So, in terms of last night, let me explain:
We (my husband and best friend and her husband) were going out without the kiddos….a very rare treat. I was VERY tired and couldn’t figure out what to eat for myself. I knew if I didn’t eat though, I would have problems later on and I wanted to be able to stay out as long as we wanted. I ended up eating about a cup of Brasco Broth, and then made a small smoothie, neither of which was satisfying. Normally, when we go out, I would get SOMETHING to snack on while we are there. But now, I don’t want to take that chance that I might react to something.
The other aspect of this whole food thing is that, before I moved into this house 5 years ago and met my friend, I wasn’t comfortable in the kitchen being creative in cooking. But, this friend, was a chef for over 20 years, so slowly she took her time to teach me how to cook, and then how to be okay with experimenting with foods. We would cook together in my tiny kitchen at least once a week, throwing things together and making a fabulous meal for our families. We have loved those times, and have missed them.

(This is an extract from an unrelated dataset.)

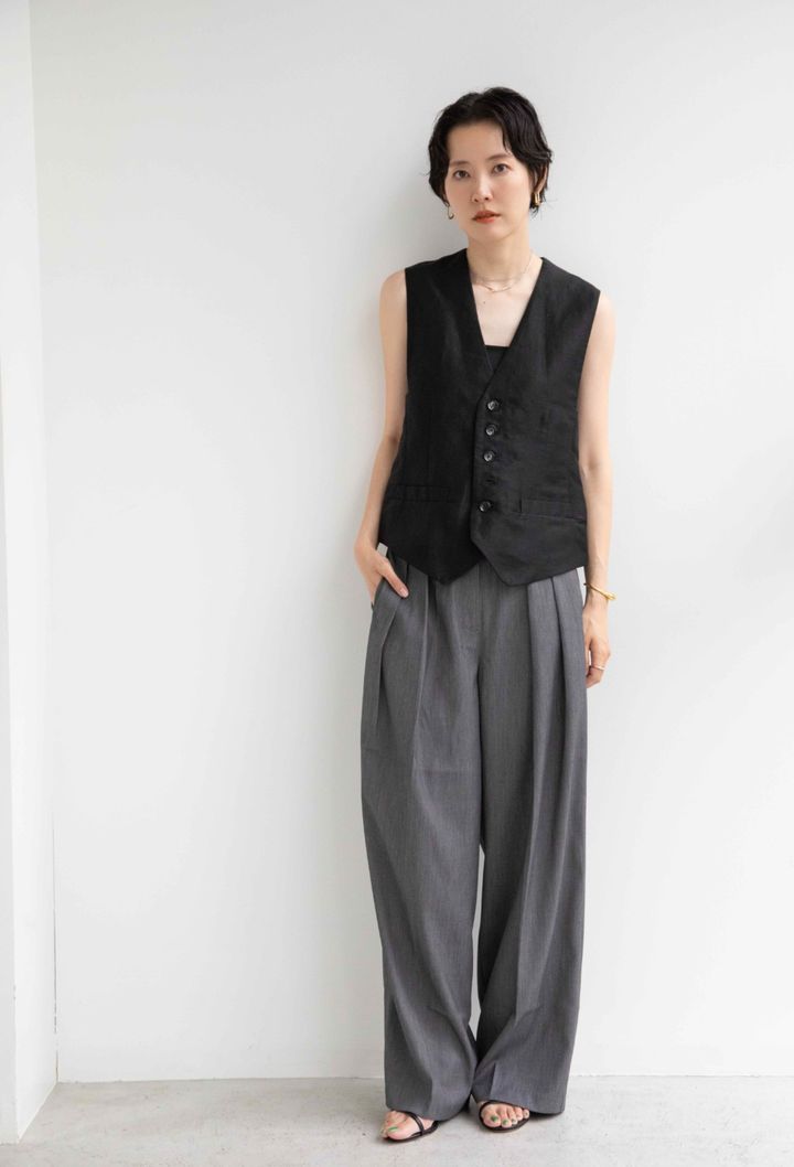 シンプルすぎないマニッシュなモノトーンは小物やメイクで調整を。「タック入りのワイドなスラックスにはコンパクトなベストを合わせてバランスUP。ベストは素肌に1枚で着て自然な肌見せをすることで、さり気ない女っぽさを忍ばせました」

Since my diagnosis we’ve been in my kitchen like that maybe 3 times. Yes, life has been busy. But it’s also hard to try and figure out what to feed me, and it’s just not as fun since I won’t even taste the things that I cannot eat. Yes, I’ll help in the cooking, but the joy is gone in the sharing of flavors and tastes.
I imagine it will get better in the future, once I find more foods that I know I can eat. And I know we will get to a point where we enjoy cooking FOR ME and sharing the tastes and creative process there.
But for right now, I just miss food. I miss being able to eat normally. I miss being the kitchen with my friend.
Sometimes I just miss life like it used to be.